Advantages of Archived Standard Curves for the Quantitative Bacterial Endotoxins Test
July 1, 2009
Figure 1:
The bacterial endotoxins test (BET) is required for most parenteral drugs and medical devices that come into contact with the human bloodstream. Limulus amebocyte lysate (LAL) derived from horseshoe crabs is used for the BET, and several methodologies have been developed. Popular quantitative LAL techniques are the kinetic turbidimetric assay (KTA) and the kinetic chromogenic assay (KCA). It is, however, well known that the endotoxin standards used in both those assays are profoundly influenced by the techniques and materials used by trained LAL analysts each and every day. The type of pipettes used, the type of dilution tubes used, the length of time used to vortex endotoxin standards, and the stability of the liquid stock endotoxin solution are variables that laboratory personnel manage every day. The Portable Test System (PTS) is a new FDA-approved KCA method that uses an archived standard curve. Here, advantages of the archived standard curve method are demonstrated and discussed.
Materials and Methods
A lyophilized positive endotoxin sample lot (positive sample, PS) was prepared with mannitol and sodium chloride in single-test vials. The potency of PS was about 0.2–0.3 EU/vial, and its vial-to-vial reproducibility was <7%. The potency of the positive samples was determined for 16 separate times by KCA with Endochrome-K (lot X4512E, Charles River) on a microplate reader, KTA with a gel-clot LAL (lot W3411L, Charles River) on a tube reader, and PTS (lot 9462153, Charles River) on a PTS reader. Standard curves were prepared every day for KCA and KTA, and an archived standard curve by the manufacturer was used for PTS. The averaged measured values of PS for each of the techniques were calculated and recorded as 100% sample value. The individual measured values of PS were converted to percentages by using the averaged values as 100%.
Results and Discussion
As shown in Figure 1, PTS using the archived standard curve method showed comparable results with other quantitative techniques. All measured values of PS were in the range of 80% and 120% except one with KTA (Run# 7).
Figure 1: ()
There was an accidental measurement with KTA in Run# 7. The measured value was 66% of the averaged value. Although the value was in the acceptance range of 50% and 200%, the value was obviously lower than other replicates. The operator realized the error after the measurement because the onset times of the standard dilutions were different from those in previous measurements. He investigated the procedures of the measurement and found that the volume for the preparation of the standard dilutions was incorrect. Since he knew the trend of the onset times of the standard dilutions and was careful enough to realize the difference, he could find the error. However, it is not possible to find this type of error if the LAL reagent lot is new and the operator is not observant.

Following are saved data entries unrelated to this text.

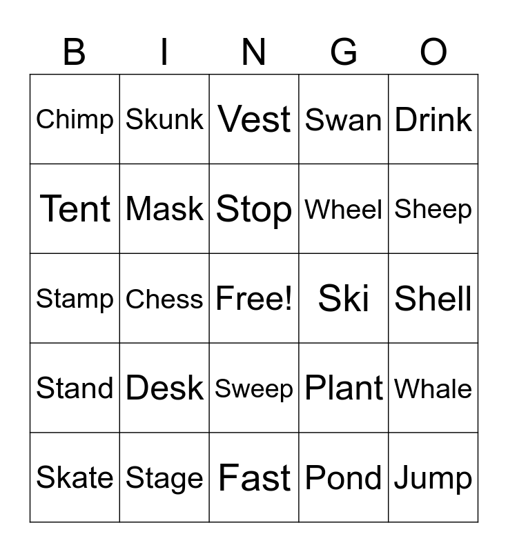 This bingo card has a free space and 24 words: Skate, Desk, Stop, Pond, Drink, Chimp, Skunk, Vest, Ski, Shell, Stamp, Mask, Plant, Whale, Tent, Stage, Fast, Swan, Sheep, Stand, Chess, Sweep, Wheel and Jump.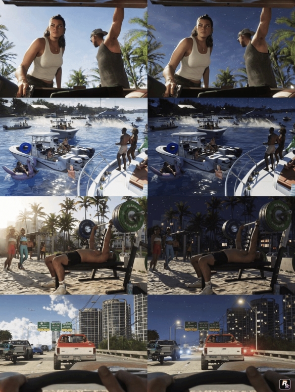 近日,国外网友分享了一张《侠盗猎车手6(GTA6)》在同一场景昼夜间的对比图,夜晚的罪城也是拥有独特魅力,让我们一起来看看吧。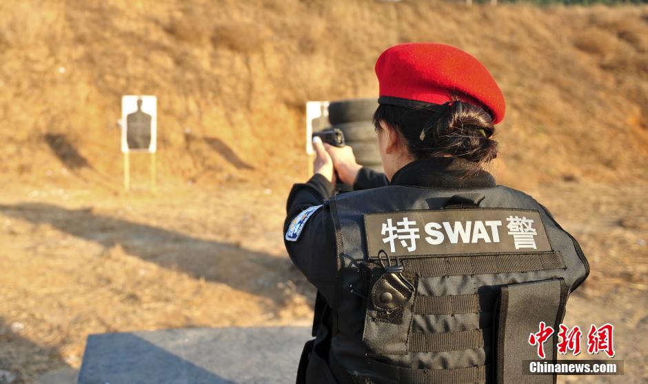 11月13日,女特警实弹射击。当日,在济南公安局特警支队“龙虎榜”比武竞赛上,女特警拆解枪械、排除卡弹故障、装弹拔枪速射一气呵成,枪枪弹无虚发。中新社发 张勇 摄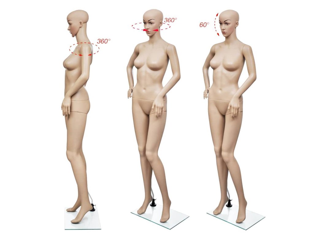 Hlavu a paže lze otáčet o 360° a obličej se dá pohybovat nahoru a dolů o 60°. Celé tělo ženy je vyrobeno z ekologicky šetrného PE. Tento materiál není jen šetrný k životnímu prostředí, ale je také odolný vůči opotřebení.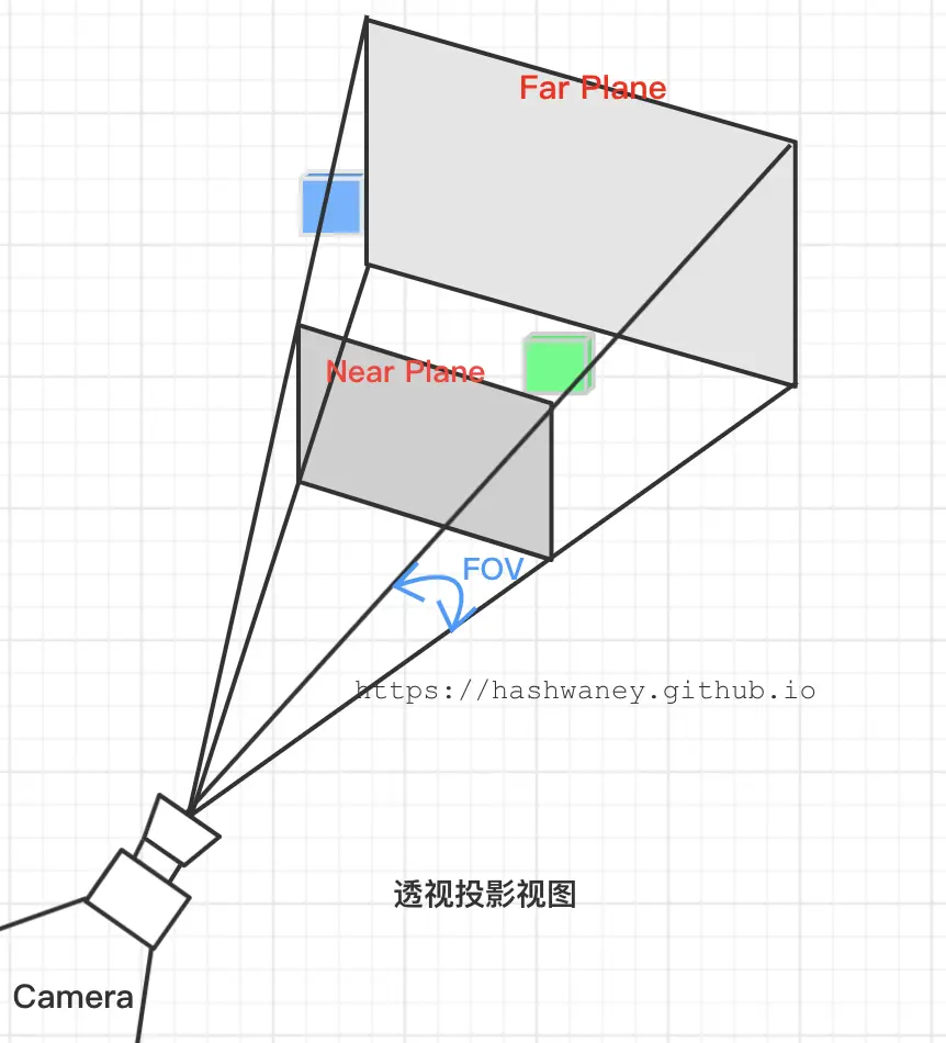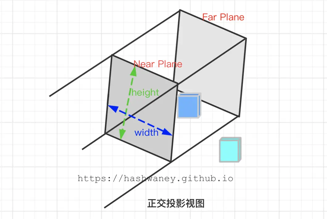 如上图,定义了可见的坐标,由宽、高、近平面和远平面所指定的。任何出现在近平面之前或者远平面之后的坐标都会被裁剪掉。

An archived standard curve for KTA was established by using averaged onset times at each concentration of standard dilution. The concentrations of PS were recalculated with the archived standard curve. The recalculated values are more consistent than the original values calculated with only the daily standard curves, as shown in Figure 2. This indicates that the archived standard curve method, which is employed on all PTS systems, can eliminate accidental errors during the preparation of daily standard dilutions in the LAL test.
Figure 2: ()
Conclusion
Conventional quantitative LAL techniques, such as KCA and KTA are under the influence of the daily standard curves, each having potentially variable bias. By contrast, the PTS uses an archived standard curve, which gives a constant bias. The use of multiple replicates to create the archived standard curve and the long term experience of the manufacturer’s QC technicians minimizes the opportunity for problems. The archived standard curve method is useful to avoid the errors that occur during the preparation of daily endotoxin standard dilutions which are seldom realized by operators.
REFERENCES
1.) 1987.Guideline on Validation of the Limulus Amebocyte Lysate Test as an End-Product Endotoxin Test for Human and Animal Parenteral Drugs, Biological Products, and Medical Devices, US Food and Drug Administration, Rockville.
2.) 1991.Interim Guidance for Human and Veterinary Drug Products and Biologicals, Kinetic LAL Techniques, US Food and Drug Administration, Rockville.
3.) Wainwright, NR, D Nutter, and F. Jordan Miller, MJ.. 2005.Encyclopedia of Rapid Microbiological Methods, PDA, Bethesda:97-119.